New Ideas Sharpen Focus for Greener Aircraft


Leaner, greener flying machines for the year 2025 are on the drawing boards of three industry teams under contract to the NASA Aeronautics Research Mission Directorate's Environmentally Responsible Aviation Project.

Teams from The Boeing Company in Huntington Beach, Calif., Lockheed Martin in Palmdale, Calif., and Northrop Grumman in El Segundo, Calif., have spent the last year studying how to meet NASA goals to develop technology that would allow future aircraft to burn 50 percent less fuel than aircraft that entered service in 1998 (the baseline for the study), with 75 percent fewer harmful emissions; and to shrink the size of geographic areas affected by objectionable airport noise by 83 percent.

"The real challenge is we want to accomplish all these things simultaneously," said ERA project manager Fay Collier. "It's never been done before. We looked at some very difficult metrics and tried to push all those metrics down at the same time."

So NASA put that challenge to industry awarding a little less than $11 million to the three teams to assess what kinds of aircraft designs and technologies could help meet the goals. The companies have just given NASA their results.

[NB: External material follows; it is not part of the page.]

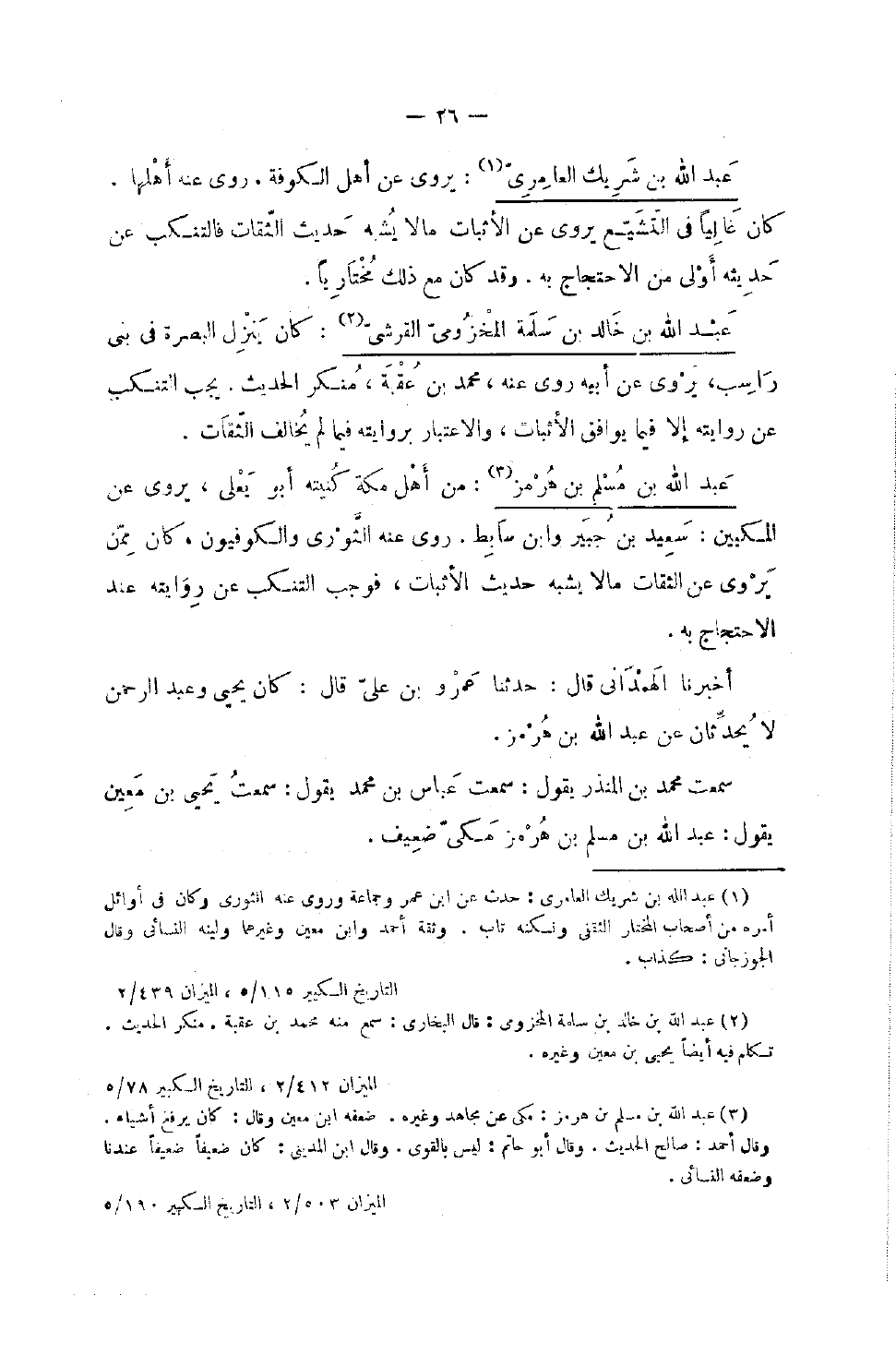 558 - عبد الله بن مُسلم بن هُرْمُز من أهل مَكَّة كنيته أَبُو يعلى يروي عَن المكيين سعيد بن جُبَير وَابْن سابط روى عَنهُ الثَّوْريّ والكوفيون كَانَ مِمَّن يَرْوِي عَن الثِّقَات مَا لَا يشبه حَدِيث الْأَثْبَات فَوَجَبَ التنكب عَن رِوَايَته عِنْد الِاحْتِجَاج بِهِ أَخْبَرَنَا الْهَمْدَانِيُّ قَالَ حَدَّثَنَا عَمْرُو بْنُ عَلِيٍّ قَالَ كَانَ يَحْيَى وَعَبْدُ الرَّحْمَنِ لَا يُحَدِّثَانِ عَنْ عبد الله بن هُرْمُز سَمِعت مُحَمَّد بن الْمُنْذر يَقُول سَمِعت عَبَّاس بن مُحَمَّد يَقُول سَمِعت يحيى بن معِين يَقُول عبد الله بن مُسلم بن هُرْمُز مكي ضَعِيف

"We'll be digesting the three studies and we'll be looking into what to do next," said Collier.

Boeing's advanced vehicle concept centers around the company's now familiar blended wing body design as seen in the sub-scale remotely piloted X-48, which has been wind tunnel tested at NASA's Langley Research Center and flown at NASA's Dryden Flight Research Center. One thing that makes this concept different from current airplanes is the placement of its Pratt & Whitney geared turbofan engines.

The engines are on top of the plane's back end, flanked by two vertical tails to shield people on the ground from engine noise. The aircraft also would feature an advanced lightweight, damage tolerant, composite structure; technologies for reducing airframe noise; advanced flight controls; hybrid laminar flow control, which means surfaces designed to reduce drag; and long-span wings which improve fuel efficiency.